CAST: Keanu Reeves, Laurence Fishburne, Carrie-Anne Moss, Hugo Weaving, Jada Pinkett Smith, Mary Alice, Monica Bellucci, Nona Gaye, Ian Bliss, Sing Ngai, Bruce Spence
SYNOPSIS: The Wachowski brothers' trilogy concludes with a blow-'em-up showdown between the rebels and the Machine Army.
WHAT WE SAID: Times film critic Steve Persall gave the film a C-, saying that the Wachowskis seem to have run out of ideas. "The war between minds and machines is over. The machines won," he wrote. "This third and hopefully final episode of the Matrix series is a numbing disappointment, even for those of us who held faith through The Matrix Reloaded last spring. . . . Oh, how we long for a return to the thrilling days of the original Matrix, when Neo (Reeves) was an ordinary man in an increasingly impersonal world. Someone we could relate to, before he became a superhero messiah and someone we cannot."
DVD FEATURES: Documentaries, games, a 3-D time line, photo gallery.
Cheaper by the Dozen
DIRECTOR: Shawn Levy
CAST: Steve Martin, Bonnie Hunt, Hilary Duff, Tom Welling, Piper Perabo, Ashton Kutcher
SYNOPSIS: A remake of the 1950 classic, this time starring Martin and Hunt as parents of 12 children.

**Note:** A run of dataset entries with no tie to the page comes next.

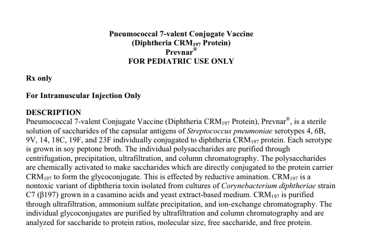 2000年,在没有合适的青少年疫苗的近20年后,美国惠氏(后被辉瑞收购)开发出一种7价肺炎结合疫苗(PCV7,Prevnar;惠氏),并在美国被授权用于婴幼儿。这种疫苗是通过蛋白载体与血清型4,6B,9V,14,18C,19F和23F的纯化多糖共价偶联产生的。
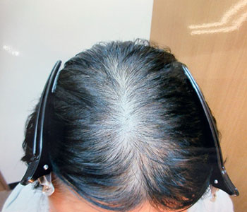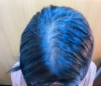 分け目の薄毛が目立ちます。治療後は、薄毛で悩んでいたとは思えないほど、とても自然で美しい髪の状態を取り戻す事が出来ました。
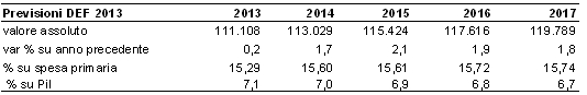 Le previsioni per il 2013 e gli anni 2014-2017Per quanto riguarda l'esercizio in corso ed il successivo periodo 2014-2017, il Documento di economia e finanza (DEF) presentato nell'aprile 2013 reca le seguenti stime:
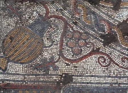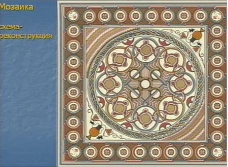 «Главная находка — это цветная мозаика 6-7-го века размером 3,6?3,6 м. Она сделана из цветных камешков, около 150 тысяч таких камешков ушло на нее, где-то семи-восьми цветов, оттенков конечно же больше. Сложная геометрия, много растительных сюжетов, христианские сюжеты, в частности вазы, из которых исходят лозы винограда — распространенный евхаристический символ»,— сказал Л. Беляев.
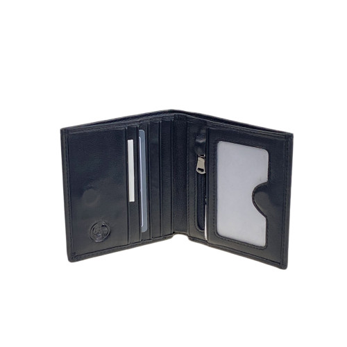 Мужской кошелёк из натуральной кожи. Закрывается на скрытую магнитную кнопку. Внутри одно отделениепод купюры, отделение на молнии, 4 отсека для карт.
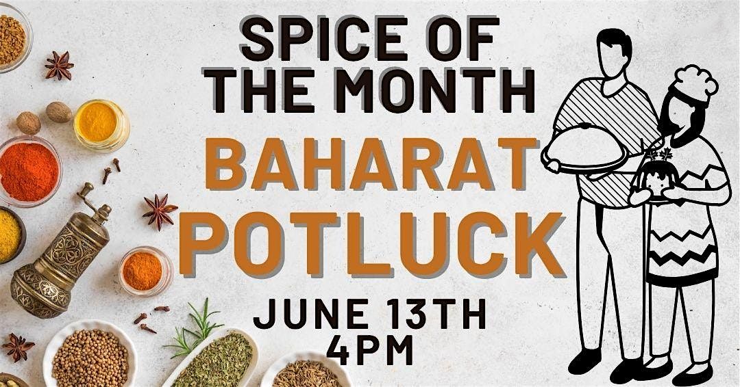 Pick up this month's spice, baharat, at the front desk with an informational packet, and try out new recipes with it! Bring food you have cooked with the spice for others to try at the meeting.
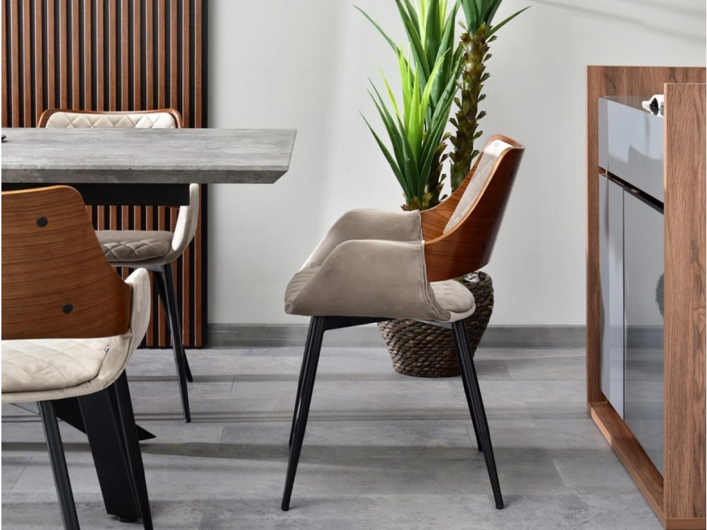 Jedálenská stolička AUDREY orech béžová + čierne nohy
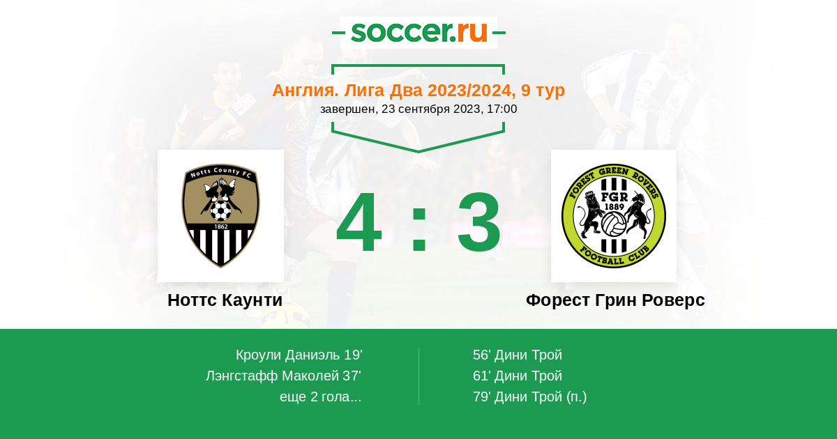 Протокол матча Ноттс Каунти против Форест Грин Роверс
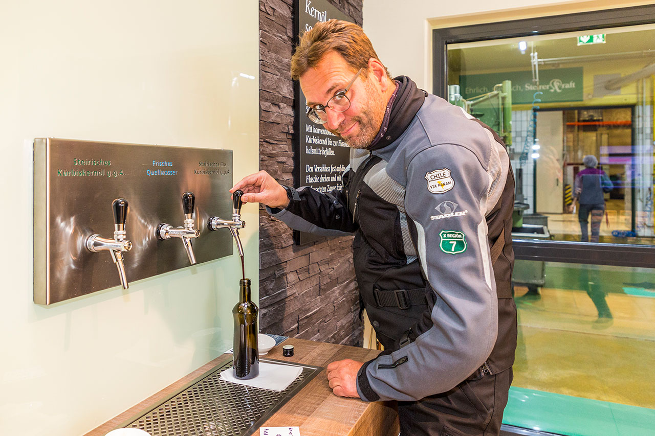 Das Highlight der Steirerkraft-Kernothek in Wollsdorf ist die Kürbiskernöl-Schank: Wo sonst kann man das „Grüne Gold“ der Steiermark selbst zapfen? Die Flaschenetiketten werden individuell beschriftet. Kürbiskernöl eignet sich nicht nur zum Würzen von Salat, sondern kann auch – pssst, Geheimtipp – den Geschmack von Vanilleeis einzigartig verfeinern. Führungen durch die Ölmühle stehen ebenso im Angebot wie weitere regionale Produkte im stylishen Shop.
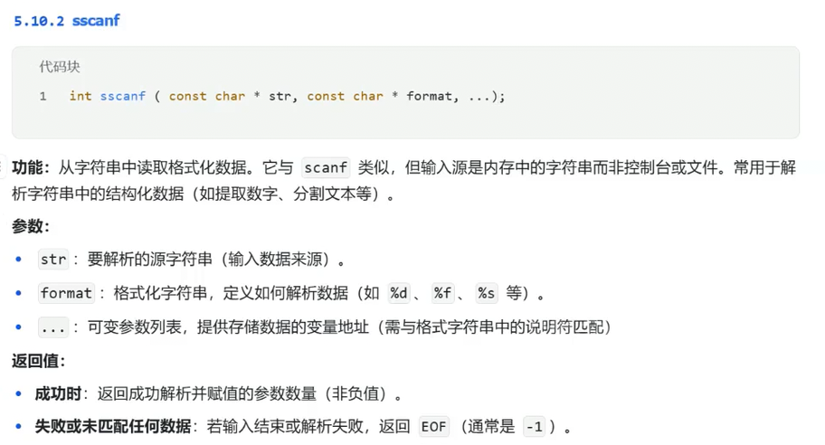 sscanf:从已有的字符串(字符数组)中,按照指定格式提取数据,赋值给变量或结构体成员,不直接从键盘 / 文件读取。
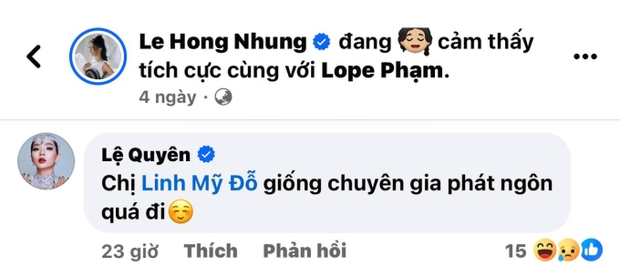 Mới đây, Lệ Quyên lại tiếp tục "khẩu chiến" cực căng thẳng với antifan. Lần này Lệ Quyên càng mất điểm khi đáp trả gay gắt antifan ngay trong bài đăng của Hồng Nhung.
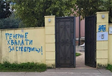 Jutros je na zidovima Ambasade Bosne i Hercegovine u Podgorici osvanuo grafit na kojem piše “Generale, hvala ti za Srebrenicu”. Takođe, kako se može vidjeti u bobjavi na mreži X iscrtan je i krst sa četiri ocila. O pomenutom događaju još uvijek se niosu oglasili iz Ambasade BiH u Crnoj Gori. Ovim se otvoreno veliča genocid počinjen u julu 1995. godine i ratni zločinac Ratko Mladić, pravosnažno osuđen pred Međunarodnim krivičnim sudom u Hagu.(CdM)
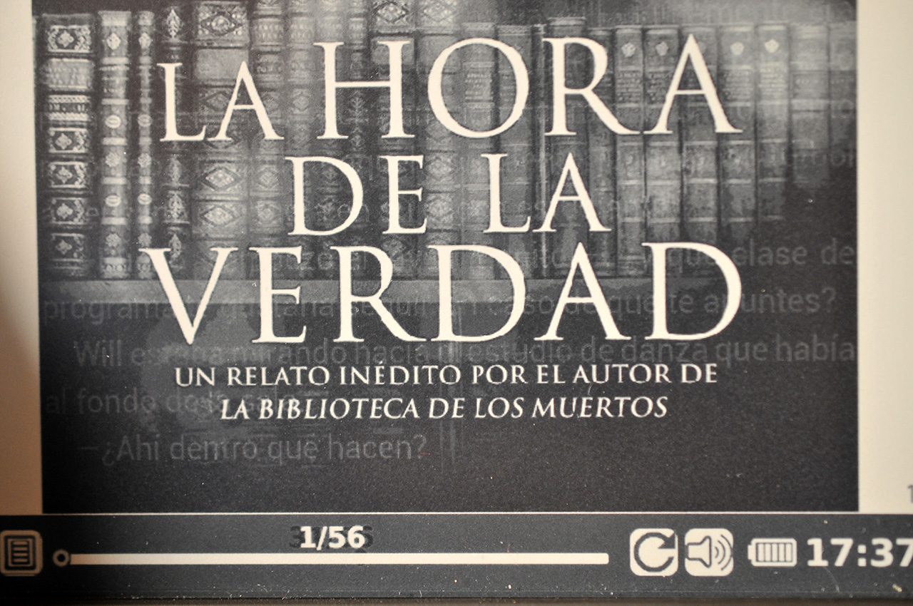 Esto lo consigue mediante 5 LEDs colocados en el marco superior de la pantalla, y que iluminan desde allí toda la pantalla de forma basta uniforme, excepto la primera línea de cada página donde se aprecian algunas sombras. En el caso del Kindle Paperwhite estos LEDs están colocados en la parte inferior, pero en la práctica no hemos notado ninguna diferencia apreciable entre uno u otro sistema.
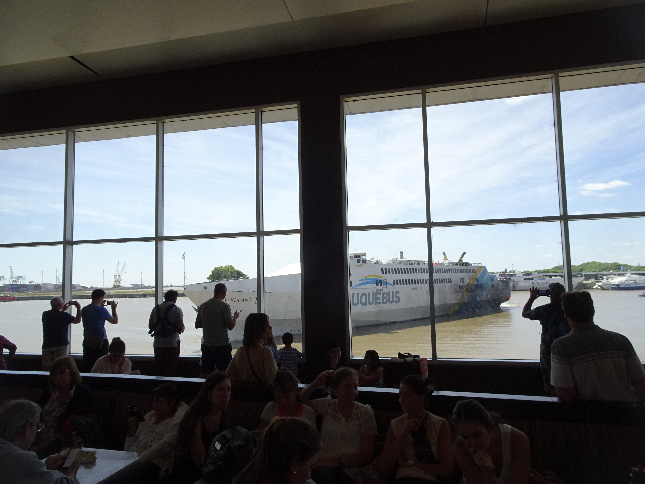 Sunt 3 companii mari care fac legătura rapidă dintre Buenos Aires și Colonia del Sacramento sau mai departe la Montevideo în Uruguay. Dintre ele rezervasem bilete online la Buquebus pentru că mi-a convenit orarul lor cel mai mult. Tariful dus-întors: 50 de dolari americani. Totul se desfășoară la fel ca pe un aeroport. După o scurtă așteptare la coadă la check-in am plecat mai departe spre controlul de securitate și la îmbarcare.
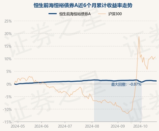 证券之星消息,10月28日,恒生前海恒裕债券A最新单位净值为1.0251元,累计净值为1.1232元,较前一交易日下跌0.02%。历史数据显示该基金近1个月下跌0.23%,近3个月下跌0.2%,近6个月上涨1.14%,近1年上涨4.5%。该基金近6个月的累计收益率走势如下图:
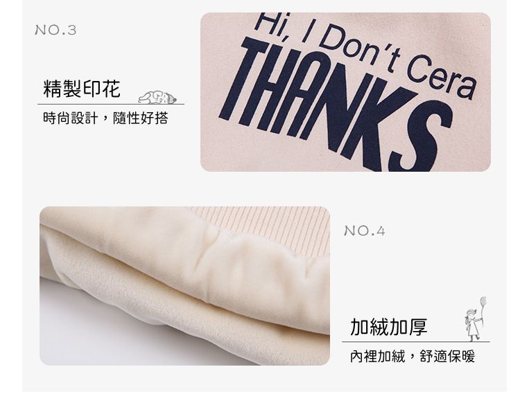 旁邊還有繡標點綴,充滿街頭時尚感,裡面是加絨設計,冬天直接穿也不會覺得布料冷冰冰
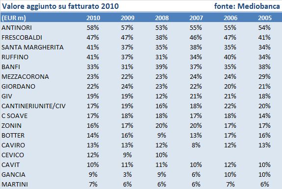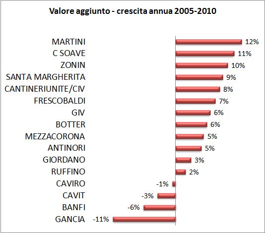 Se prendiamo il valore aggiunto, cioe’ il fatturato dedotti i costi esterni (acquisti), il dato e’ in crescita nel 2010 di circa il 10%. Tra le aziende piu’ importanti, Santa Margherita ha realizzato l’incremento piu’ importante (+18%), mentre Antinori, Frescobaldi e GIV sono cresciuti del 10-12%.
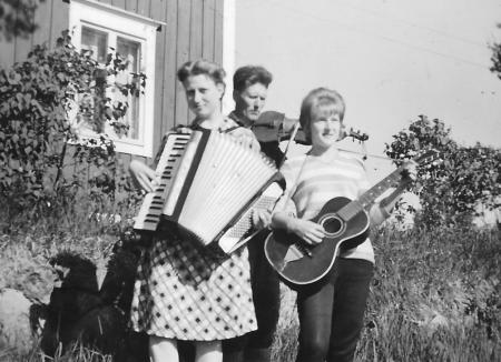 Christina Dahl på dragspel, hennes far Elis på fiol och kusin Iris Dahl på gitarr.
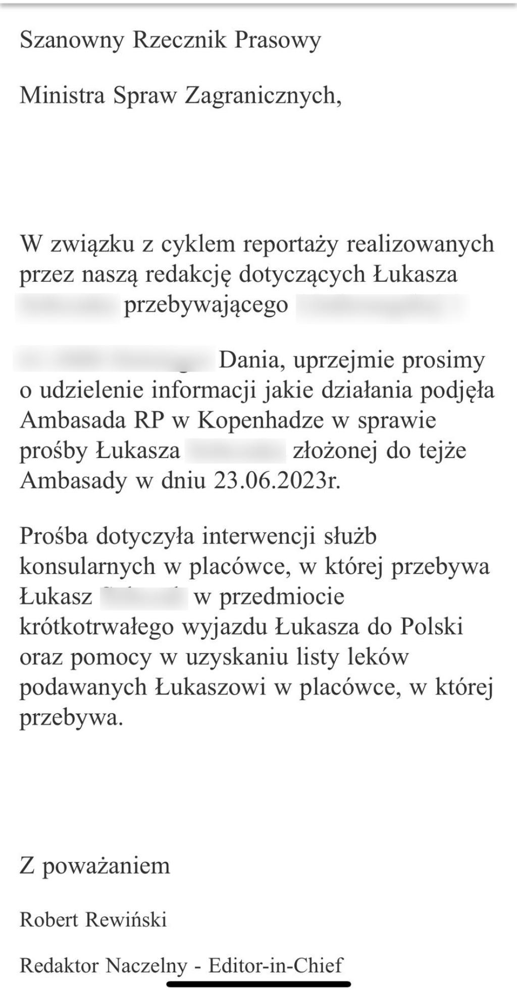 Dlaczego pan Łukasz przebywający w otwartym ośrodku terapeutycznym, nie może przyjechać na wakacje do Polski? Czy leki, które podają mu duńskie władze, wspomagają czy niszczą jego zdrowie?
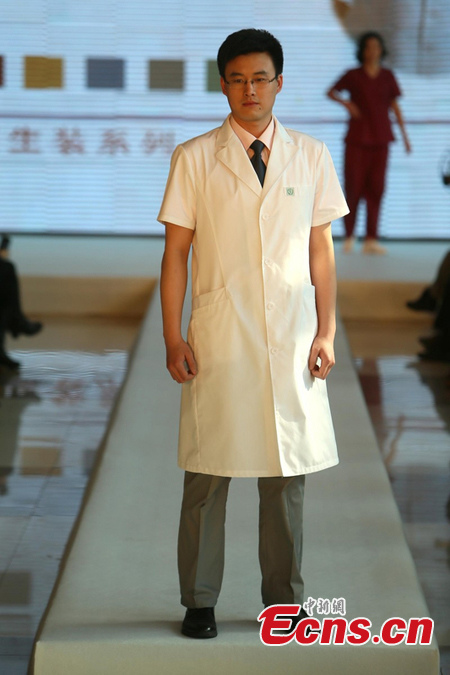 A man displays a uniform for doctor in Beijing, April 1, 2013. Beijing planed to change hospital uniforms for doctors, nurses, logistics workers and patients. (CNS photo)
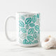 Tasse à café en céramique avec une jolie impression feuille turquoise/aqua. Customisez cet objet ou achetez tel quel. Image stock
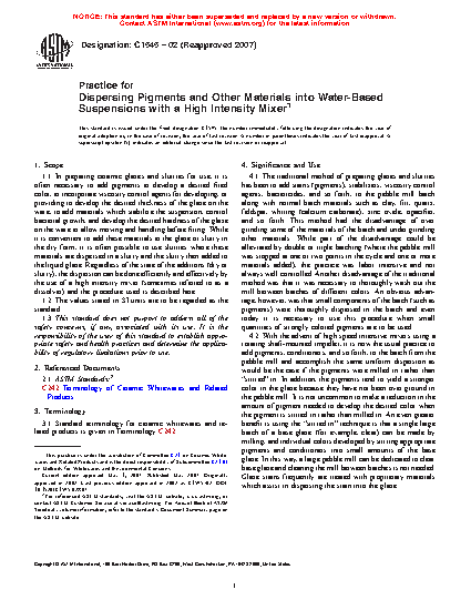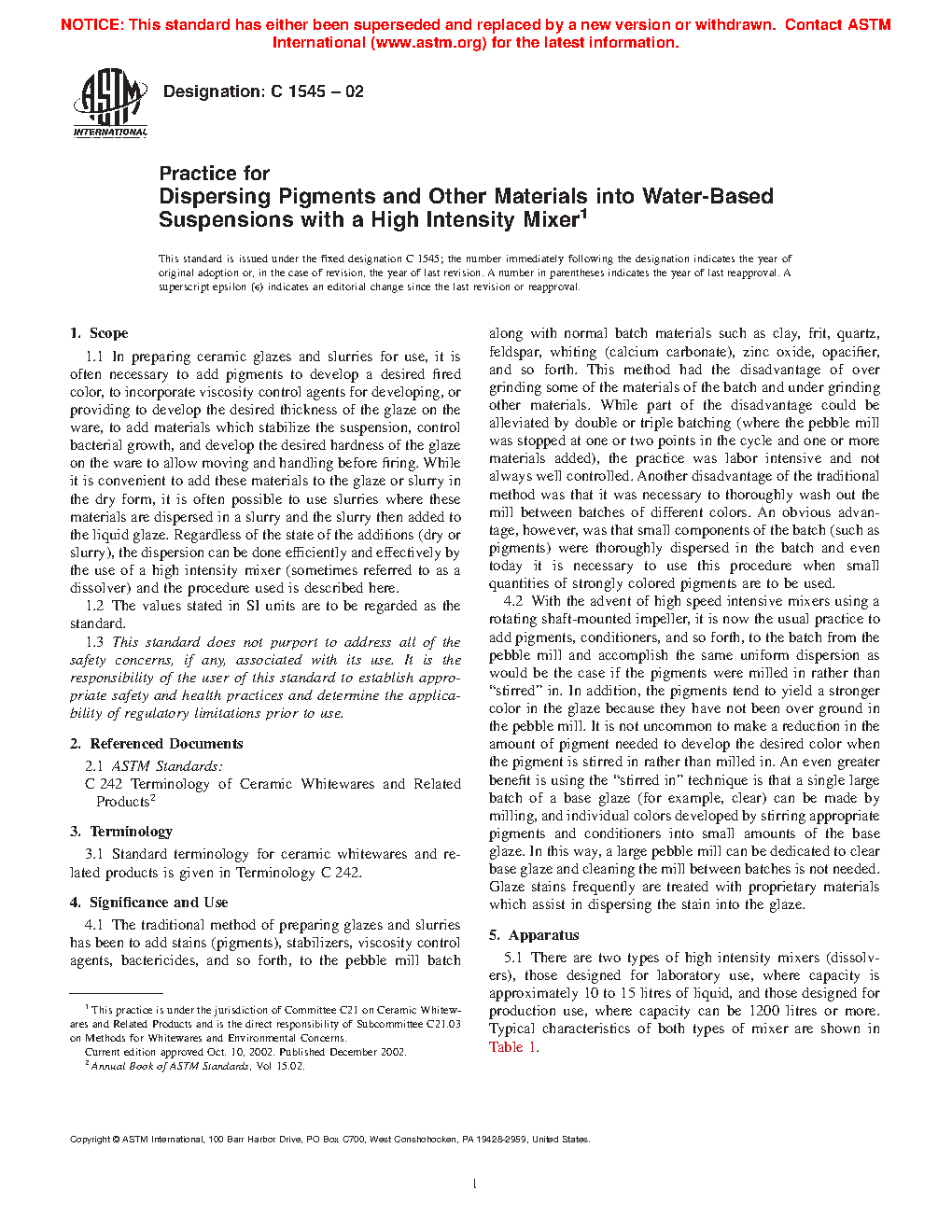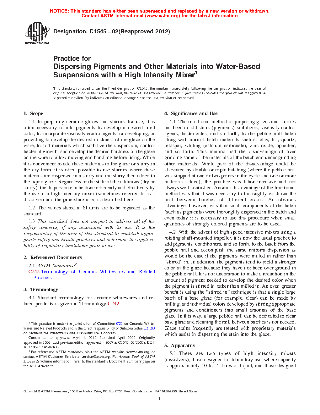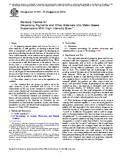 1.1 In preparing ceramic glazes and slurries for use, it is often necessary to add pigments to develop a desired fired color, to incorporate viscosity control agents for developing, or providing to develop the desired thickness of the glaze on the ware, to add materials which stabilize the suspension, control bacterial growth, and develop the desired hardness of the glaze on the ware to allow moving and handling before firing. While it is convenient to add these materials to the glaze or slurry in the dry form, it is often possible to use slurries where these materials are dispersed in a slurry and the slurry then added to the liquid glaze. Regardless of the state of the additions (dry or slurry), the dispersion can be done efficiently and effectively by the use of a high intensity mixer (sometimes referred to as a dissolver) and the procedure used is described here.
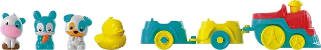 Acest set de tren colorat și distractiv transformă jocul copiilor în aventuri la fermă. Odată ce trenul trece, ferma prinde viață: brațele macaralei se ridică, moara începe să se rotească, iar animalele își asumă rolurile sonore caracteristice. Prin închiderea porții galbene, rățușca e29epâlpâie9d în jurul iazului, iar caruselul se învârte. O modalitate excelentă de a stimula coordonarea mână-ochi și de a încuraja imaginația copiilor.
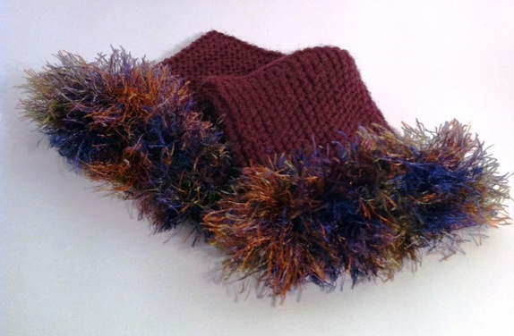Pulsvantene er håndlaget i burgunder ullgarn med pyntekant av effektgarn i samme farge, men en nyanse mørkere.
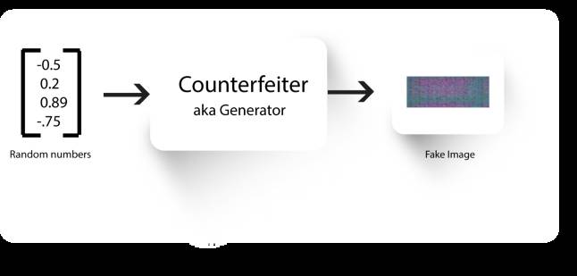 我们可以把生成器比作一个伪造者,而把鉴别器视作一个警察,他必须从两枚货币中区分真假。在最开始的时候,我们要确保伪造货币的伪造者和警察都是同样不擅长他们的工作的。因此,伪造者首先生成一些随机的噪声图像。
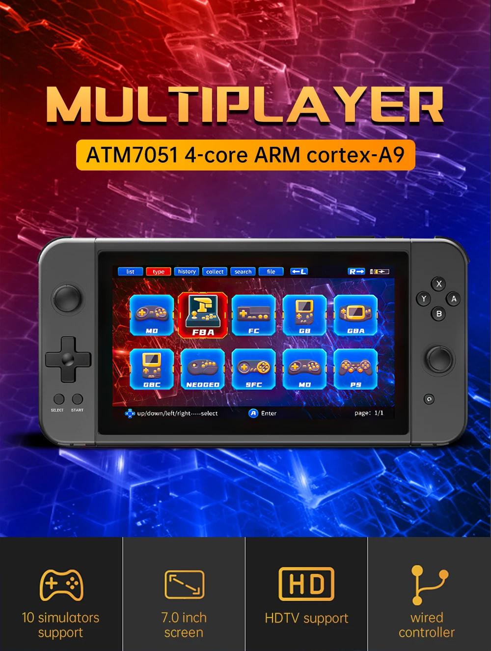 POWKIDDY/новая портативная игровая консоль X70, 7 дюймов, HD экран, ретро игра, дешевые подарки для детей, Поддержка игр с двумя играми
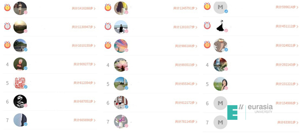 时光流转,芳华翩跹,和着秋潮,伴着冬韵。为创新“快乐欧亚、健康生活”的模式,提升教职工身体素质和免疫力,把疫情对教职工活动的影响降低到最低限度,在广泛征求教职工意见的基础上,工会协同通识教育学院为全校教职工健康运动搭建运动平台,为教职工营造健康运动氛围,推进申慱官网教职工健康运动。校工会在举办了“2020年冬季教职工健步走线上打卡活动”,从9月20日开始至11月20日结束 ,活动持续60天,576名教职工参与了该项活动,累计打卡次数25338 次。

WHAT WE SAID: Persall also gave this film a C-. "Two things the movie update of Cheaper by the Dozen has in common with its 1950 predecessor: the title and the number of children shared by a married couple. After that, it's all downhill to the lowest common denominator of family entertainment. . . . If you've seen the ad, you've seen it all: Comedy by chaos, all stampeding kids and scrambled eggs on the ceiling. Martin mugging for the camera while playing pratfall guy. Some warm fuzzies and the convenient crises punctuated by kid mischief. Paint-by-number entertainment, although the number is much higher than nuclear family averages."
MPAA RATING: PG; crude humor, mature themes
RUNNING TIME: 99 min.
Hope Springs
DIRECTOR: Mark Herman
CAST: Colin Firth, Minnie Driver, Heather Graham, Oliver Platt, Mary Steenburgen, Frank Collison
SYNOPSIS: An artist (Firth) gets dumped by his fiancee (Driver) and moves to a small Vermont town where a matchmaker (Steenburgen) unites him with a local beauty (Graham). But the ex-girlfriend may not be entirely out of the picture.
WHAT WE SAID: The Times did not review this film, which Disney gave only limited "test run" release in the fall.